So I want to define a c++ string in ghidra struct. I noticed while reverse engineering a C++ binary, I found that, it defines a basic_string
class in the symbol tree.
Now I want to define a std::string
(not a pointer to it) within a struct. Is there a way to do it automatically right now, or will I still need to manually define a basic_string
struct and go from there? Is there currently a way to associate classes and structs together like so (currently I think classes only act as namespaces?

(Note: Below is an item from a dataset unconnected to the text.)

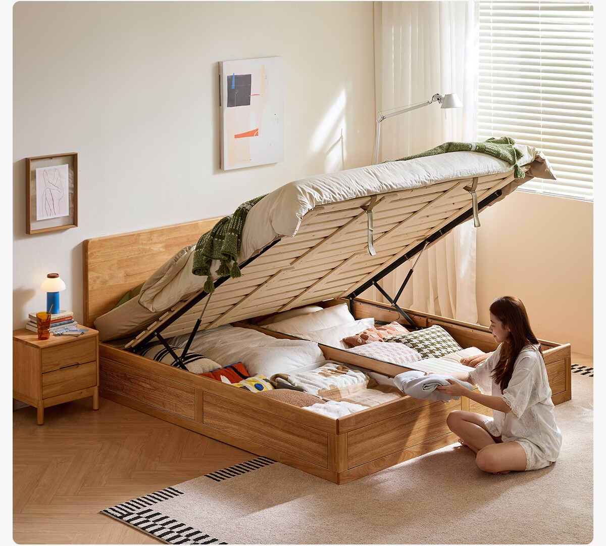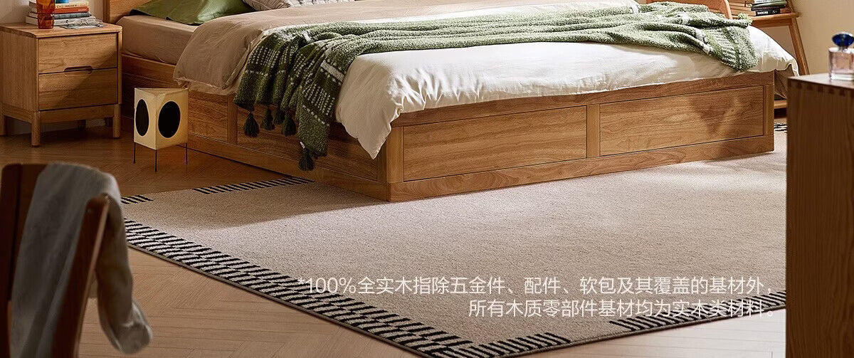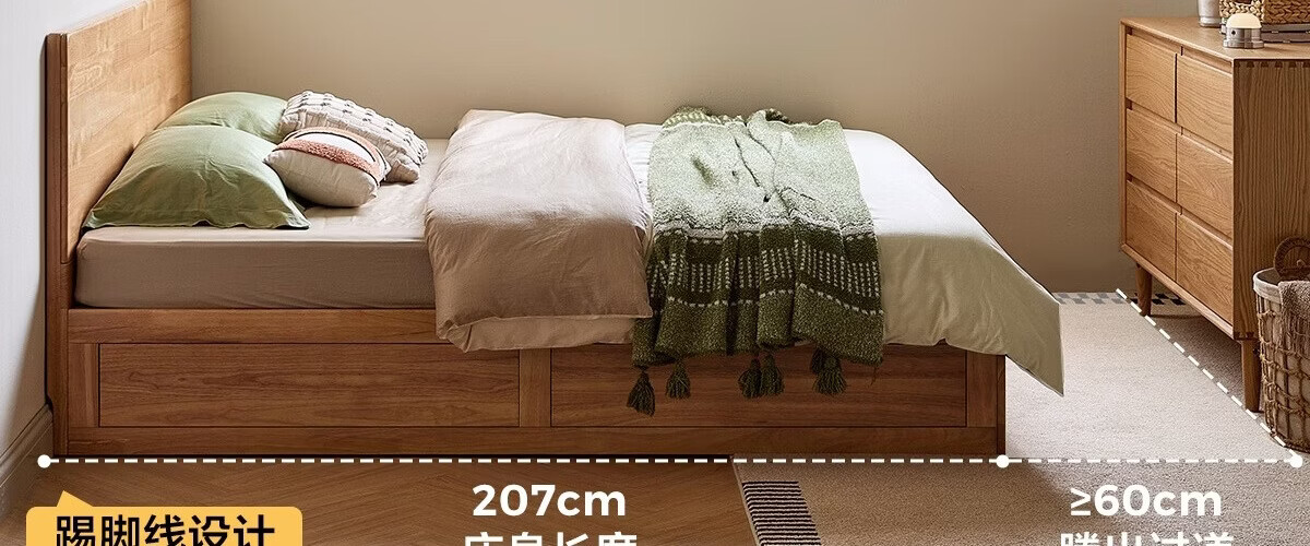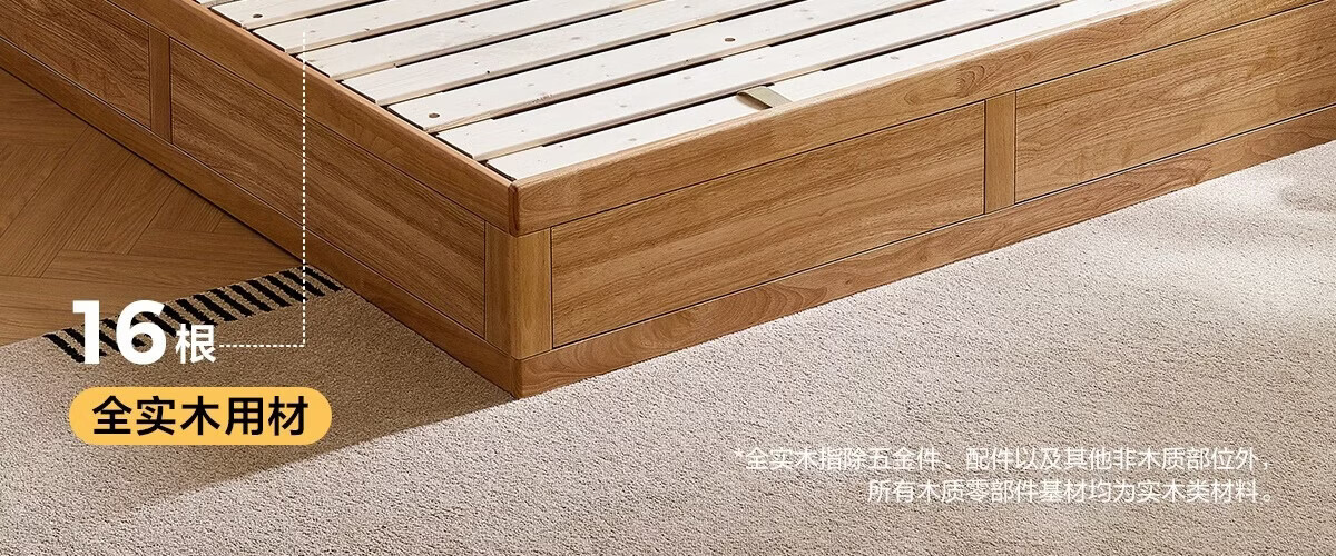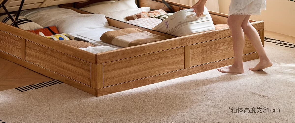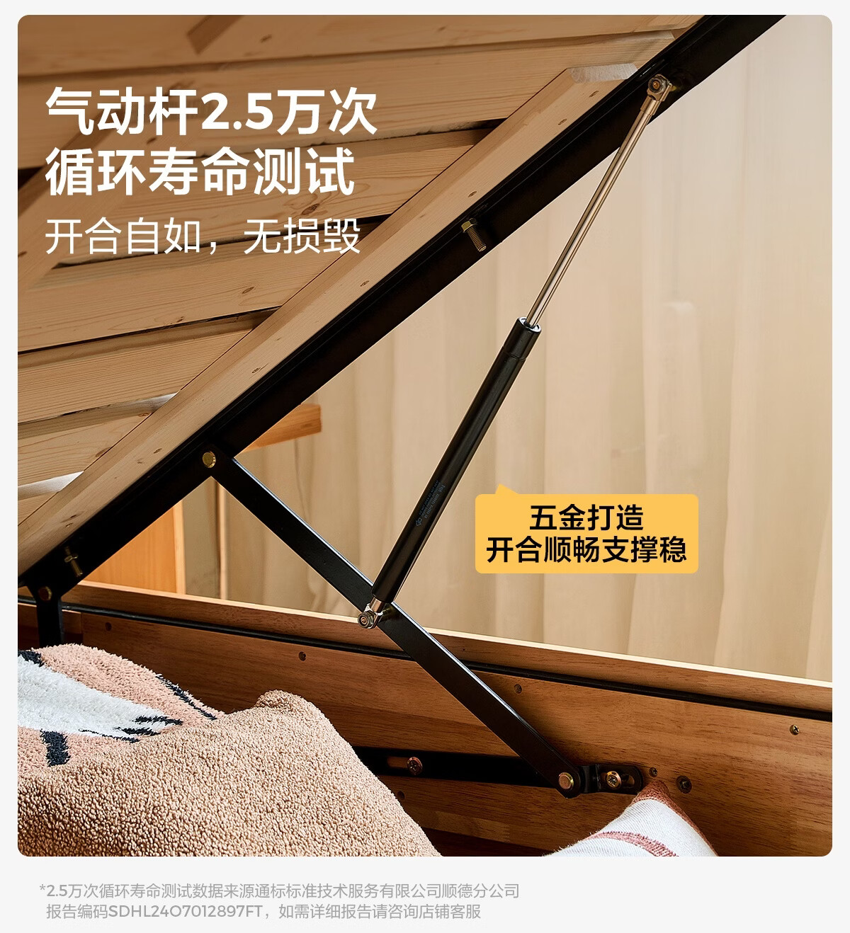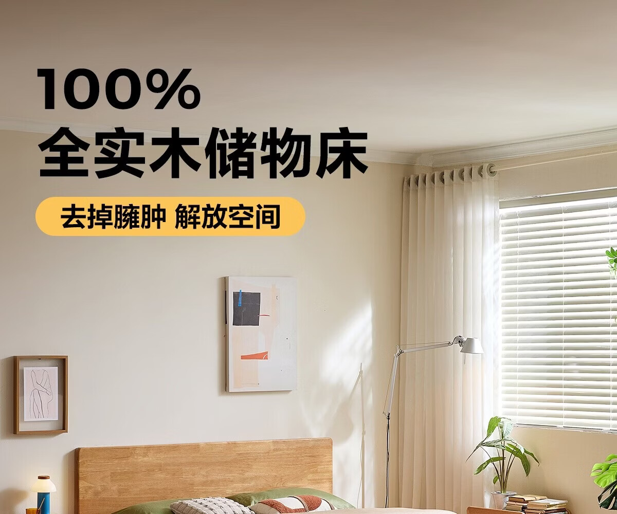 林氏家居全实木床落地储物床1米8双人床小户型家具主卧室小满系列PK24A 【全实木|胡桃色】三抽储物床 1.5米x2米

I also tried just simply adding a field with the type basic_string
in my struct, but it complains that basic_string
is just a placeholder struct.
Haven't yet tested how ghidra would handle a std::string
local variable.
EDIT: example code for what I described above:
#include <string>
#include <iostream>
struct Human {
int age;
bool is_male;
std::string name;
public:
Human(int age, bool is_male, const std::string &name) : age(age), is_male(is_male),
name(name) { }
void say_hello() {
std::cout << "Hello, I am a " << (is_male ? "male " : "female ") << age <<
"-year old named " << name << "!" << std::endl;
}
};
int main() {
Human *human = new Human(17, true, "Adam");
human->say_hello();
}
When you putting this into ghidra, and then do auto-fill struct fields, it will recognize the age
and is_male
fields, but not the name
field, as this is an opaque std::string
object.
Up to this point, when I was reversing another (much larger) binary, I simply manually created a new struct:
struct basic_string {
char *ptr;
size_t len;
char buff[0x10]
};
Is there something that ghidra can do this automatically? Also I'm wondering would there be any portability issues if I just always assume the above struct?